I was recently looking for a security key, and eventually I did pay the yubico tax, because saving $20 by getting another one seemed unwise given the stakes.

1 comments

>you can get that $5 china fido key, but are you sure it's you who owns it?

Seems like a moot point because it'd be very difficult for a rogue fido key to exfiltrate data. I'd be far more concerned about random chinese IOT gadgets, which most people don't have a problem with.

Hmm yes but it's possible to compromise private key generation to only create a very small predictable subset of keys. In fact some smartcards from Infineon suffered from this as a bug. And thus they can be brute forces. It requires some serious crypto chops to determine if this is the case. Obviously it's not like the first 60 bits being zero or something. And the private key is made to not be extracted in this kind of device making it even harder.
One issue i see is that it's a sealed package; it wouldn't be immediately apparent if someone added extra hardware/functionality.

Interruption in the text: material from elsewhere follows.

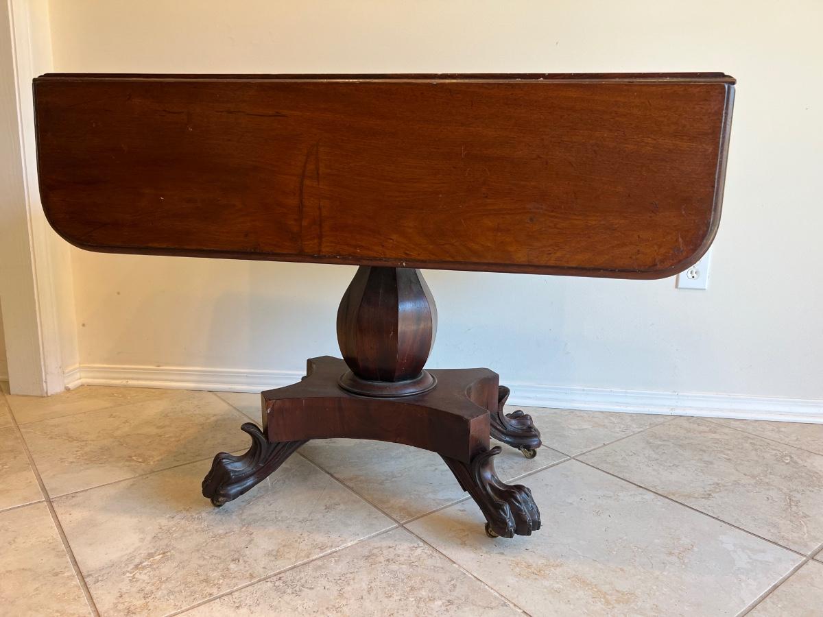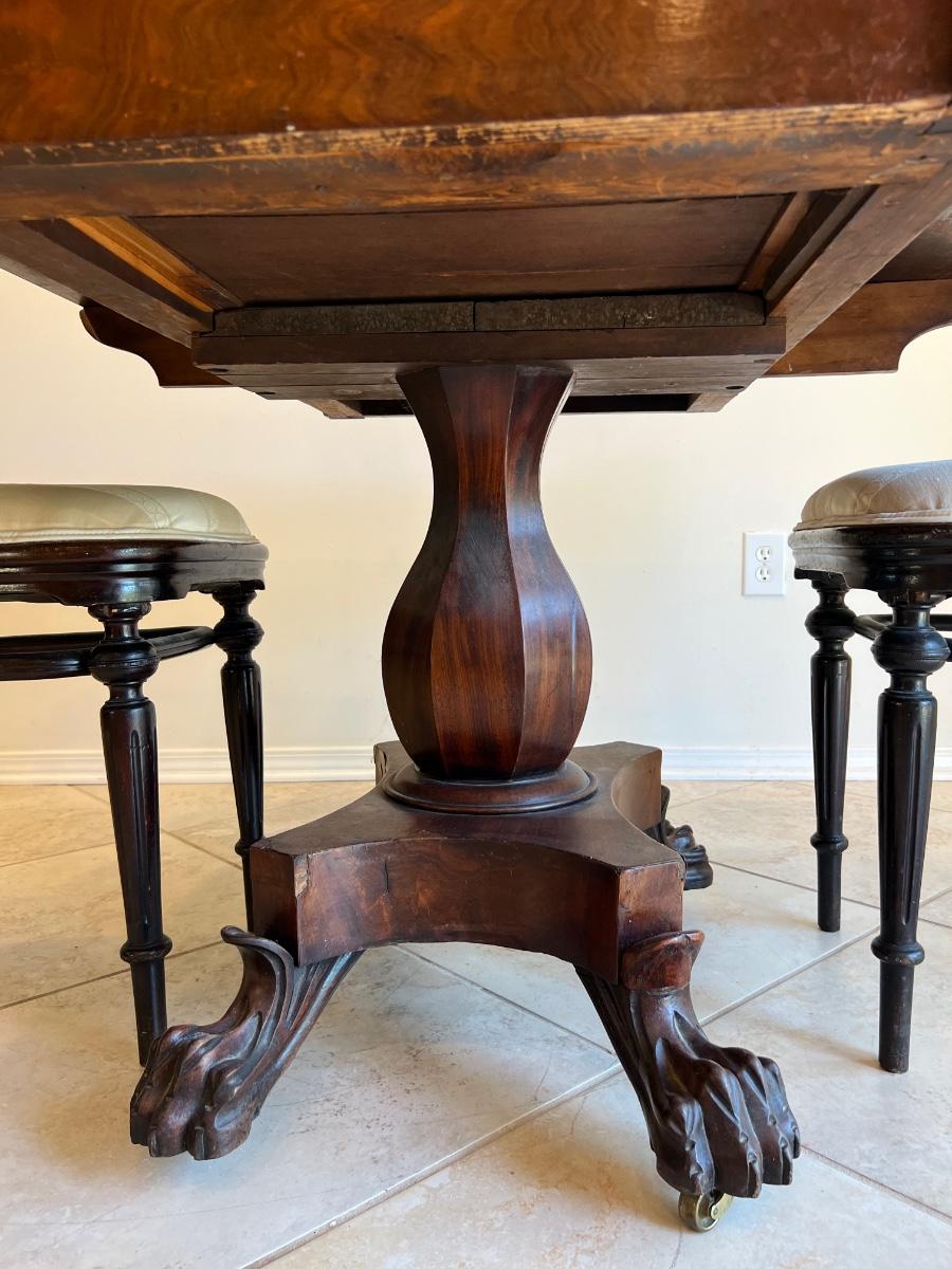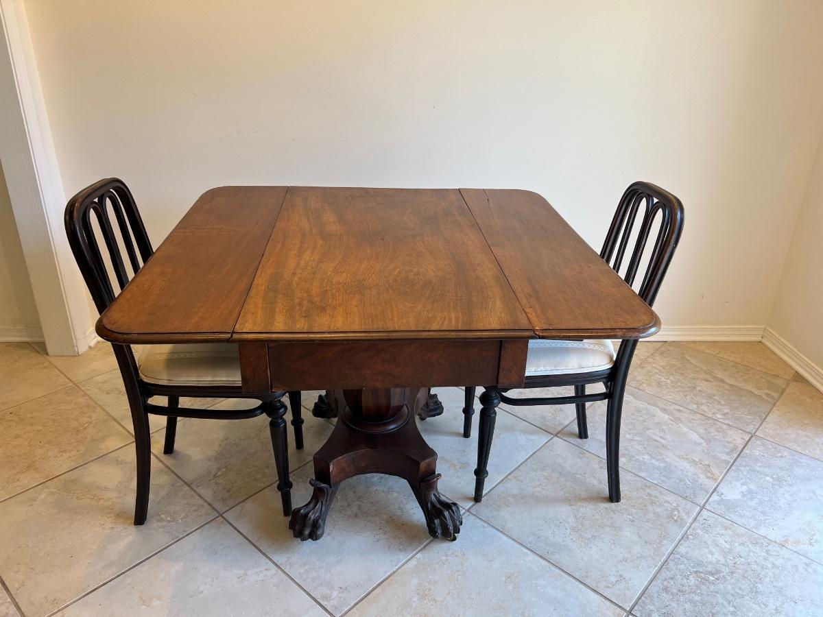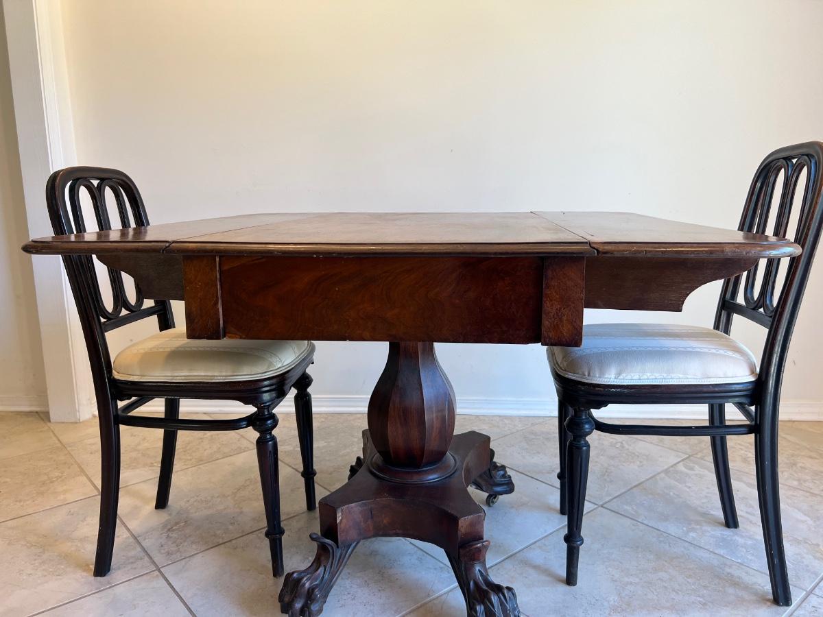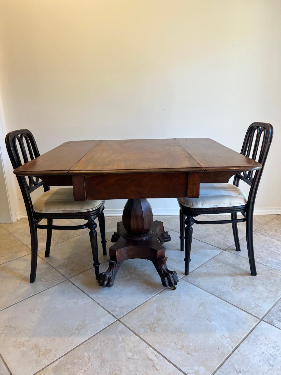 Vintage Mahogany (?) Drop Leaf Table and two chairs. Table is solid wood and has gold casters under the claw feet. Table Measures 44 inches wide, 41 inches deep and 30 1/2 inches tall. Chairs measure 36 inches tall, floor to seat measures 20 inches. Seat measures 16 1/2 inches wide and 17 inches deep. Some minor imperfections as pictured.

More likely though I'd expect you'd just get some form of a clone device

Couldn't they ship pre-compromised? Storing the RNG seed and private key at the factory.
Devil’s advocate: How do they map that data to a user when you are buying through a maze of resellers?
they dont, they try against all the keys, there are at most a few billion of them

see Dual_EC_DRBG

It won't be as easy as that because you can generate a private key multiple times and notice it's the same.

However yes a very limited entropy in the private key is much harder to detect especially because on this kind of device you can't see the private key directly.